## WHAT NEEDS TO BE DONE
Write out the entire listing below exactly, with the pictures left out.

## PROVIDED MATERIAL
---
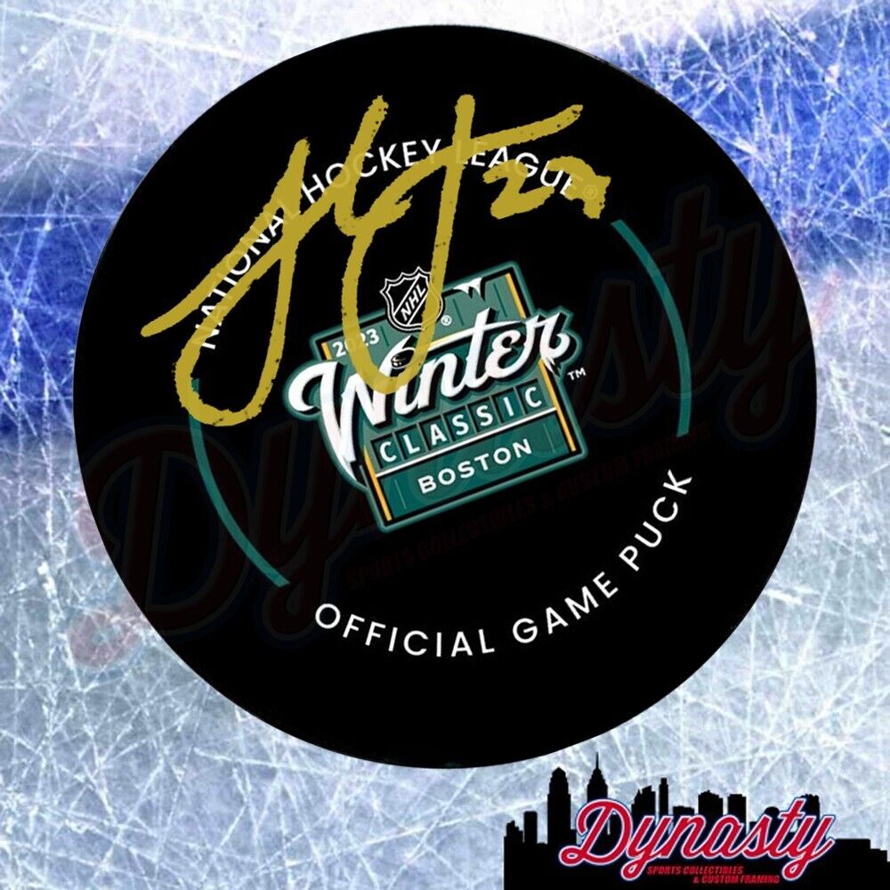 Hampus Lindholm Autographed 2023 Winter Classic Game Model Puck Official NHL logo puck with signature from Bruins star Hampus Lindholm - authenticated by Dynasty Sports The 2023 Winter Classic was one for the ages having been played inside one of baseball's oldest stadiums, Fenway Park. This officially licensed 2023 Winter Classic Souvenir puck has been hand signed by Bruins defenseman, Hampus Lindholm. Lindholm would help lead his Boston Bruins to victory during the historical match-up having defeated rival, Pittsburgh Penguins at the Winter Classic. Hampus Lindholm hand signed this puck during his public appearance on 02/10/23 at our Northshore Mall location in Peabody, MA. Each item will include a tamper-proof serially numbered Dynasty hologram that has been registered in our database.Hand-Signed by Boston Bruins star Hampus LindholmSignature is in sharp yellow paint pen on the puckOfficially licensed NHL puckAuthenticated with Dynasty Sports serially numbered hologram - guaranteed to pass JSA or PSA/DNA authentication
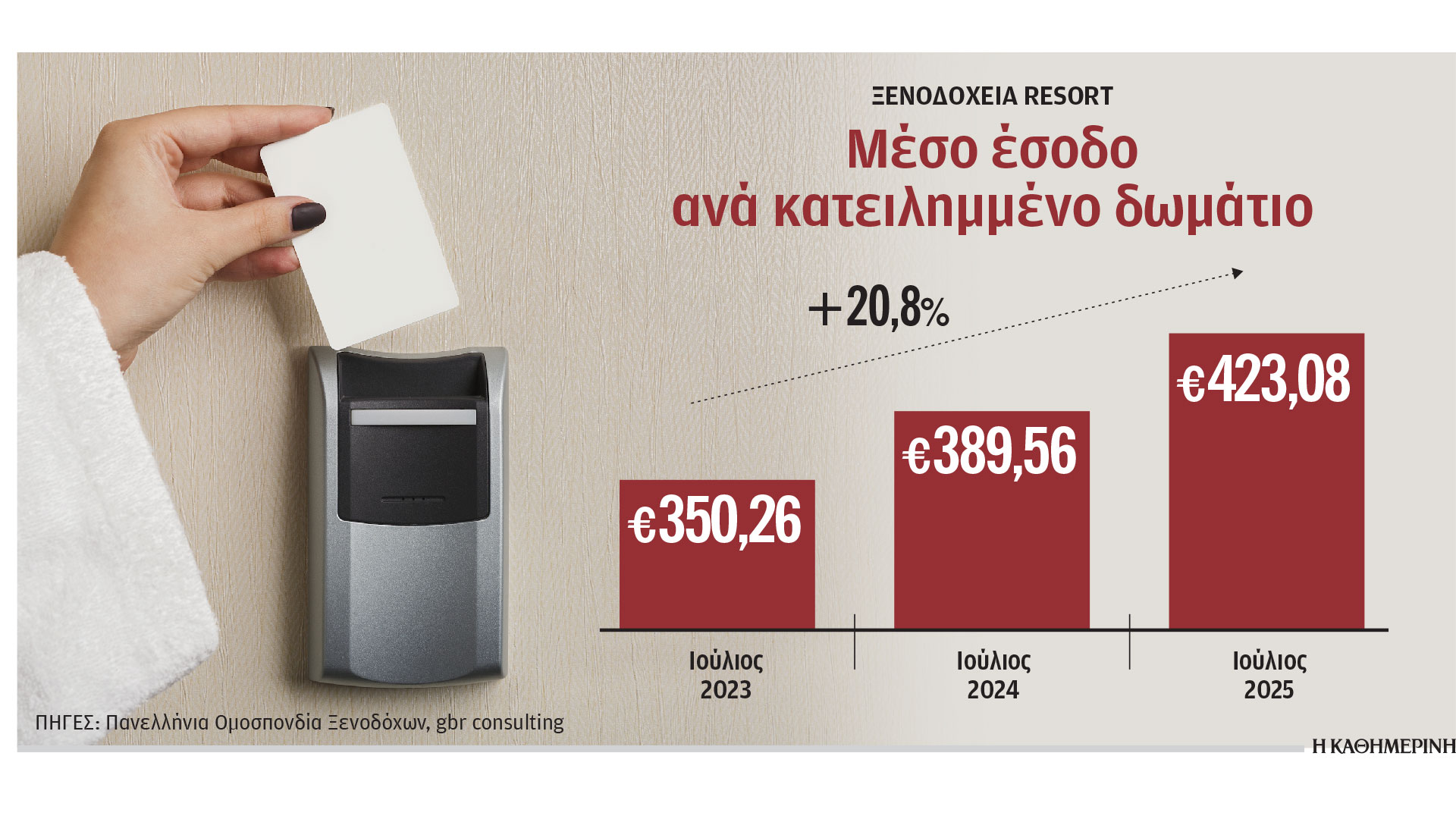 Συγκεκριμένα, η GBR Consulting αναφέρει ότι τα συνολικά ημερήσια έσοδα ανά κατειλημμένο δωμάτιο των ξενοδοχείων resort όλων των κατηγοριών ανά την Ελλάδα, που περιλαμβάνουν την τιμή του δωματίου αλλά και όλες τις δαπάνες που πραγματοποιούν οι ένοικοί του στα συγκροτήματα, διαμορφώθηκαν τον Ιούλιο στα 423,08 ευρώ από 389,56 ευρώ τον Ιούλιο του 2024 και 350,26 ευρώ τον Ιούλιο του 2023.
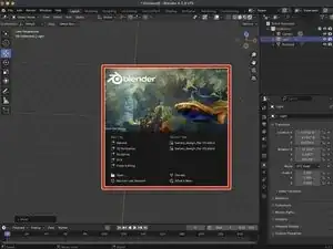Вы можете снова открыть приветственный экран, щёлкнув по значку Blender в верхней панели и выбрав Приветственный экран.
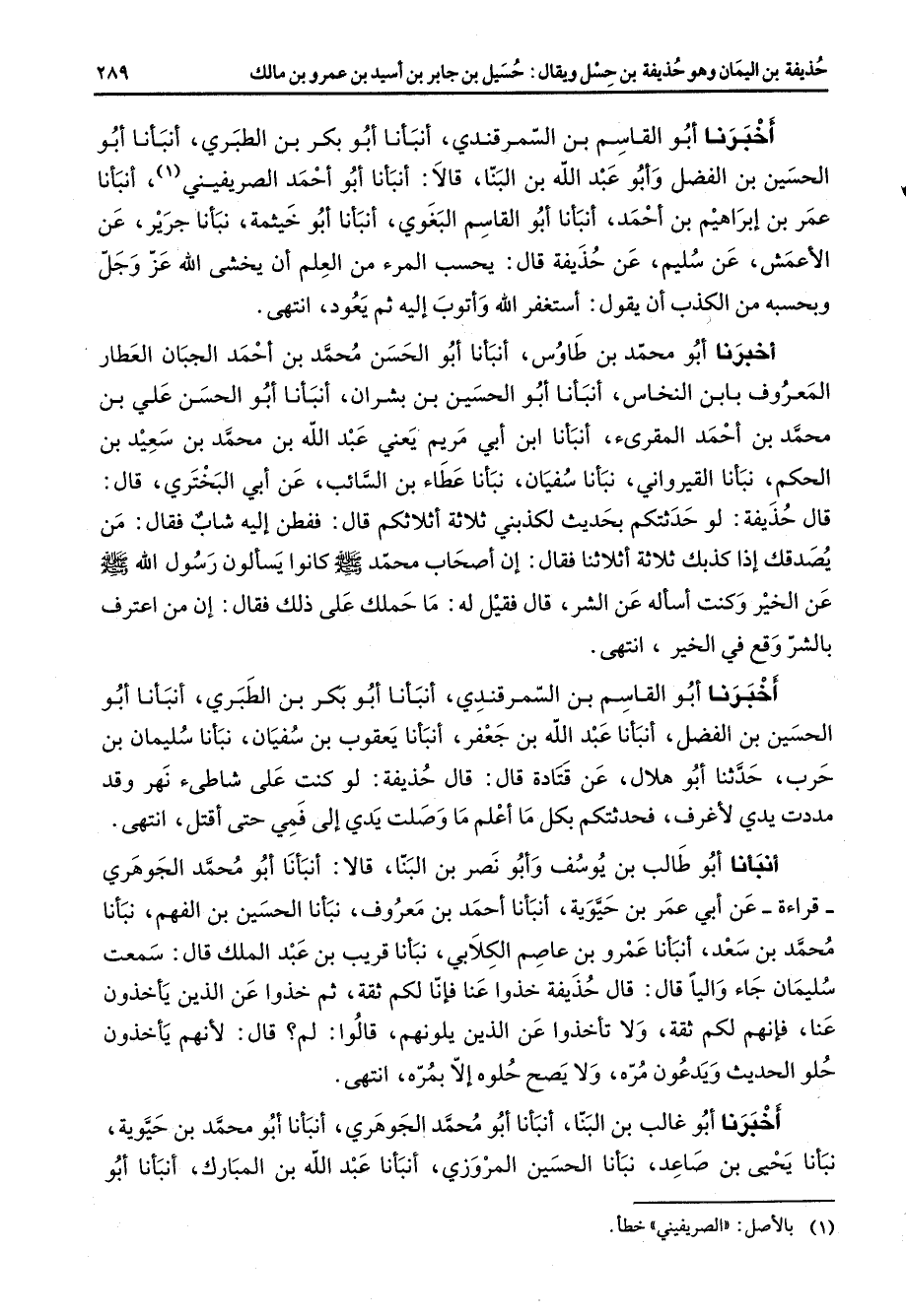 اخبرنا أبو القاسم بن السمرقندي أنبأنا أبو بكر بن الطبري أنبأنا أبو الحسين بن الفضل وأبو عبد الله بن البنا قالا أنبأنا أبو احمد الصريفيني (1) أنبأنا عمر بن إبراهيم بن احمد أنبأنا أبو القاسم البغوي أنبأنا أبو خيثمة نبأنا جرير عن الاعمش عن سليم عن حذيفة قال يحسب المرء من العلم أن يخشى الله عز وجل وبحسبه من الكذب أن يقول استغفر الله واتوب إليه ثم يعود انتهى اخبرنا أبو محمد بن طاوس أنبأنا أبو الحسن محمد بن احمد الجبان العطار المعروف بابن النخاس أنبأنا أبو الحسين بن بشران أبنأنا أبو الحسن علي بن محمد بن احمد المقرئ أنبأنا ابن أبي مريم يعني عبد الله بن محمد بن سعيد بن الحكم نبأنا القيرواني نبأنا سفيان نبأنا عطاء بن السائب عن أبي البختري قال قال حذيفة لو حدثتكم بحديث لكذبني ثلاثة اثلاثكم قال ففطن إليه شاب فقال من يصدقك إذا كذبك ثلاثة اثلاثنا فقال أن أصحاب محمد صلى الله عليه وسلم كانوا يسألون رسول الله صلى الله عليه وسلم عن الخير وكنت اسأله عن الشر قال فقيل له ما حملك على ذلك فقال أن من اعترف بالشر وقع في الخير انتهى اخبرنا أبو القاسم بن السمرقندي أنبأنا أبو بكر بن الطبري أنبأنا أبو الحسين بن الفضل أنبأنا عبد الله بن جعفر أنبأنا يعقوب بن سفيان نبأنا سليمان بن حرب حدثنا أبو هلال عن قتادة قال قال حذيفة لو كنت على شاطئ نهر وقد مددت يدي لاغرف فحدثتكم بكل ما اعلم ما وصلت يدي إلى فمي حتى اقتل انتهى أنبأنا أبو طالب بن يوسف وأبو نصر بن البنا قالا أنبأنا أبو محمد الجوهري قراءة عن أبي عمر بن حيوية أنبأنا احمد بن معروف نبأنا الحسين بن الفهم نبأنا محمد بن سعد أنبأنا عمرو بن عاصم الكلابي نبأنا قريب بن عبد الملك قال سمعت سليمان جاء واليا قال قال حذيفة خذوا عنا فإنا لكم ثقة ثم خذوا عن الذين يأخذون عنا فإنهم لكم ثقة ولا تأخذوا عن الذين يلونهم قالوا لم قال لانهم يأخذون حلو الحديث ويدعون مرة ولا يصح حلوه إلا بمره انتهى أخبرنا أبو غالب بن البنا أنبأنا أبو محمد الجوهري أنبأنا أبو محمد بن حيوية نبأنا يحيى بن صاعد نبأنا الحسين المروزي أنبأنا عبد الله بن المبارك أنبأنا أبو
---
## RESPONSE
 Hampus Lindholm Autographed 2023 Winter Classic Game Model Puck Official NHL logo puck with signature from Bruins star Hampus Lindholm - authenticated by Dynasty Sports The 2023 Winter Classic was one for the ages having been played inside one of baseball's oldest stadiums, Fenway Park. This officially licensed 2023 Winter Classic Souvenir puck has been hand signed by Bruins defenseman, Hampus Lindholm. Lindholm would help lead his Boston Bruins to victory during the historical match-up having defeated rival, Pittsburgh Penguins at the Winter Classic. Hampus Lindholm hand signed this puck during his public appearance on 02/10/23 at our Northshore Mall location in Peabody, MA. Each item will include a tamper-proof serially numbered Dynasty hologram that has been registered in our database.Hand-Signed by Boston Bruins star Hampus LindholmSignature is in sharp yellow paint pen on the puckOfficially licensed NHL puckAuthenticated with Dynasty Sports serially numbered hologram - guaranteed to pass JSA or PSA/DNA authentication
 Συγκεκριμένα, η GBR Consulting αναφέρει ότι τα συνολικά ημερήσια έσοδα ανά κατειλημμένο δωμάτιο των ξενοδοχείων resort όλων των κατηγοριών ανά την Ελλάδα, που περιλαμβάνουν την τιμή του δωματίου αλλά και όλες τις δαπάνες που πραγματοποιούν οι ένοικοί του στα συγκροτήματα, διαμορφώθηκαν τον Ιούλιο στα 423,08 ευρώ από 389,56 ευρώ τον Ιούλιο του 2024 και 350,26 ευρώ τον Ιούλιο του 2023.
Вы можете снова открыть приветственный экран, щёлкнув по значку Blender в верхней панели и выбрав Приветственный экран.
 اخبرنا أبو القاسم بن السمرقندي أنبأنا أبو بكر بن الطبري أنبأنا أبو الحسين بن الفضل وأبو عبد الله بن البنا قالا أنبأنا أبو احمد الصريفيني (1) أنبأنا عمر بن إبراهيم بن احمد أنبأنا أبو القاسم البغوي أنبأنا أبو خيثمة نبأنا جرير عن الاعمش عن سليم عن حذيفة قال يحسب المرء من العلم أن يخشى الله عز وجل وبحسبه من الكذب أن يقول استغفر الله واتوب إليه ثم يعود انتهى اخبرنا أبو محمد بن طاوس أنبأنا أبو الحسن محمد بن احمد الجبان العطار المعروف بابن النخاس أنبأنا أبو الحسين بن بشران أبنأنا أبو الحسن علي بن محمد بن احمد المقرئ أنبأنا ابن أبي مريم يعني عبد الله بن محمد بن سعيد بن الحكم نبأنا القيرواني نبأنا سفيان نبأنا عطاء بن السائب عن أبي البختري قال قال حذيفة لو حدثتكم بحديث لكذبني ثلاثة اثلاثكم قال ففطن إليه شاب فقال من يصدقك إذا كذبك ثلاثة اثلاثنا فقال أن أصحاب محمد صلى الله عليه وسلم كانوا يسألون رسول الله صلى الله عليه وسلم عن الخير وكنت اسأله عن الشر قال فقيل له ما حملك على ذلك فقال أن من اعترف بالشر وقع في الخير انتهى اخبرنا أبو القاسم بن السمرقندي أنبأنا أبو بكر بن الطبري أنبأنا أبو الحسين بن الفضل أنبأنا عبد الله بن جعفر أنبأنا يعقوب بن سفيان نبأنا سليمان بن حرب حدثنا أبو هلال عن قتادة قال قال حذيفة لو كنت على شاطئ نهر وقد مددت يدي لاغرف فحدثتكم بكل ما اعلم ما وصلت يدي إلى فمي حتى اقتل انتهى أنبأنا أبو طالب بن يوسف وأبو نصر بن البنا قالا أنبأنا أبو محمد الجوهري قراءة عن أبي عمر بن حيوية أنبأنا احمد بن معروف نبأنا الحسين بن الفهم نبأنا محمد بن سعد أنبأنا عمرو بن عاصم الكلابي نبأنا قريب بن عبد الملك قال سمعت سليمان جاء واليا قال قال حذيفة خذوا عنا فإنا لكم ثقة ثم خذوا عن الذين يأخذون عنا فإنهم لكم ثقة ولا تأخذوا عن الذين يلونهم قالوا لم قال لانهم يأخذون حلو الحديث ويدعون مرة ولا يصح حلوه إلا بمره انتهى أخبرنا أبو غالب بن البنا أنبأنا أبو محمد الجوهري أنبأنا أبو محمد بن حيوية نبأنا يحيى بن صاعد نبأنا الحسين المروزي أنبأنا عبد الله بن المبارك أنبأنا أبو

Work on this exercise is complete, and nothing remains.